Knowing your audience and having the right people to execute is important in many areas of business and is critical in BI. It touches on how users need to work with the data, audience levels, level of visual presentation and detail, user BI maturity (experience with BI and analytics tools), availability and willingness for training, internal support structures, decision making processes, and rate of business change, to name a few.
3. Budget
This is a no-brainer, but often not fully factored into the equation. BI is about learning, generating insights, and evolving the business through better decision-making. It’s not something you invest in once, put on the shelf, and expect continual value over time. In fact, most BI projects in my experience start seeing adoption decline in as little as six months after the initial implementation, unless regular investments are made towards ongoing enhancements to the data, building new and enhancing existing reports, and expanding the capabilities and training used by the business to drive deeper insights.

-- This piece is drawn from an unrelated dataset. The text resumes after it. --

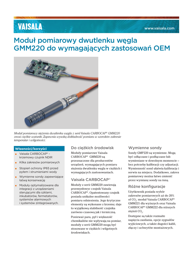www.vaisala.com Moduł pomiarowy dwutlenku węgla GMM220 do wymagających zastosowań OEM Moduł pomiarowy stężenia dwutlenku węgla z serii Vaisala CARBOCAP® GMM220 znosi ciężkie warunki. Zapewnia wysoką dokładność pomiaru w szerokim zakresie temperatur i wilgotności. Własności/korzyści Do ciężkich środowisk Wymienne sondy ▪ Vaisala CARBOCAP® krzemowy czujnik NDIR ▪ ▪ Kilka zakresów pomiarowych Stopień ochrony IP65 przed pyłem i strumieniami wody ▪ Moduły pomiarowe Vaisala CARBOCAP® GMM220 są przeznaczone dla producentów urządzeń, wymagających pomiaru stężenia dwutlenku węgla w ciężkich i wymagających zastosowaniach. Wymienne sondy zapewniające łatwą konserwację Vaisala CARBOCAP® Sondy GMP220 są wymienne. Mogą być odłączane i podłączane lub wymieniane w dowolnym momencie – bez potrzeby kalibracji czy adjustacji. Wymienność sond ułatwia kalibrację i serwis na miejscu. Dodatkowo, zakres pomiarowy można łatwo zmienić przez wymianę sondy na inną. ▪ Moduły optymalizowane dla integracji z urządzeniami sterującymi dla szklarni, inkubatorów, fermetatorów, systemów alarmowych i systemów zintegrowanych. Moduły z serii GMM220 zawierają przemysłowyc czujnik Vaisala CARBOCAP®. Opatentowany czujnik posiada unikalne możliwości pomiaru odniesienia. Jego krytyczne elementy są wykonane z krzemu; daje to wyjątkową stabilność czujnika zarówno czasową jak i termiczną. Ponieważ para, pył i większość chemikaliów nie wpływają na pomiar, moduły z serii GMM220 mogą być stosowane w ciężkich i wilgotnych środowiskach. Różne konfiguracje Użytkownik posiada wybór zakresów pomiarowych aż do 20% of CO2: moduł Vaisala CARBOCAP® GMM221 dla wyższych oraz Vaisala CARBOCAP® GMM222 dla niższych stężeń CO2. Dostępne są także rozmaite napięcia zasilania, opcje sygnałów wyjściowych, a także dugości kabli, złączy i uchwytów montażowych. Dane techniczne Dwutlenek węgla Parametry mechaniczne Zakresy pomiarowe GMM221 dla wysokich stężeń Materiał korpusu sondy poliwęglan Stopień ochrony (tylko sonda) IP65 Masa: GMM221 (z kablem 2m) max. 180 g Masa: GMM222 (z kablem 2m) max. 200 g Długości kabla sondy 0.6 m, 1 m (wysokotemperaturowy), 2 m, 6 m lub 10 m (opcja) 0…2 %, 0…3 %, 0…5 %, 0…10 %, 0…20 % GMM222 dla niskich stężeń 0…2000 ppm, 0…3000 ppm, 0…5000 ppm, 0…7000 ppm, 0…10 000 ppm Dokładność (w tym powtarzalność, nieliniowość i niepewność kalibracji) w 25°C i 1013 hPa GMM221 ±(1.5% zakresu + 2% wskazania) (dotyczy stężeń powyżej 2% zakresu) GMM222 ±(1.5% zakresu + 2% wskazania) Wpływ temperatury, typowo -0.3% zakresu / °C Wpływ ciśnienia, typowo +0.15% wskazania/hPa Stabilność długoczasowa <±5% zakresu/2 lata Stała czasowa (63 %) GMM221 20 sekund GMM222 30 sekund Czas stabilizacji 30 sekund, 15 minut do parametrów znam. Rozdzielczość wyjść analog. Zalecane obciążenie wyjść: wyjście prądowe wyjście napięciowe Napięcie zasilania Złącza Pobór mocy Wymienne sondy GMP221, GMP222 (użyć kodu zamawiania dla określenia zakresu itp.) Klipsy (2 szt.) do mocowania sondy 25245GM Kołnierz do montażu sondy GM45156SP Kalibrator do sond wymiennych GMK220 Kable do podłączenia sondy kabel wysokotemperaturowy 1 m (180°C) GMM220Z100SP kabel 2 m GMM220Z200SP kabel 6 m GMP343Z600SP kabel 10.0 m GMP343Z1000SP Kabel interfejsu szeregowego 19040GM Adapter do kalibracji sondy 26150GM Wymiary Wejścia i wyjścia Sygnały wyjściowe Akcesoria 0…20 lub 4…20 mA, 0…1 V, 0…2V, 0…2.5 V lub 0…5 V 12 bitów Wymiary w mm (calach) max. 200 Ω min. 1 kΩ 11…20 VDC lub 18…30 VDC zaciski śrubowe, 0.5…1.5 mm2 <2.5 W Środowisko pracy Temperatura robocza Temperatura przechowywania Ciśnienie robocze Wilgotność sonda płytka elektroniki Kompatybilność elektromagnet. www.vaisala.com -20…+60°C -30…+70°C 700…1300 hPa GMP221 GMP222 0…100 %RH, bez kondensacji 0…85 %RH, bez kondensacji stosowalne części normy EN61326-1, środowisko ogólne Dystrybucja w Polsce: TEST-THERM Sp. z o.o., ul.Friedleina 4-6, 30-009 Kraków tel.: 12 632 1301, 12 632 6188, http://www.test-therm.pl Ref. B210856EN-E-PL ©Vaisala 2013 Zeskanuj kod aby uzyskać więcej informacji Niniejsza publikacja jest prawnie chroniona, a wszelkie prawa autorskie należą do Vaisala Oyj oraz jej partnerów. Wszelkie prawa zastrzeżone. Logotypy i/lub nazwy produktów są znakami twarowymi firmy Vaisala lub poszczególnych partnerów. Reprodukcja, transfer, rozpowszechnianie lub przechowywanie informacji zawartych w tej ulotce, w dowolnej formie, bez uprzedniej pisemnej zgody Vaisala Oyj, jest ściśle zabronione. Wszystkie dane — w tym techniczne — mogą ulec zmianie bez uprzedzenia. Jest to tłumaczenie oryginalnej wersji angielskiej. W niejednoznacznych przypadkach obowiązuje wersja angielska broszury a nie tłumaczenie.

As I stated above, no tool will hit all the items on your needs list. As you can see, the capabilities of the tool are the not only pillars you need to focus on in your search. Throughout my career, my tool choice has changed as my needs and my organization’s needs have changed. Make the best choice you can at the time and take some time to re-evaluate your needs periodically. Your tool choice could change over time — prepare for that and expect it.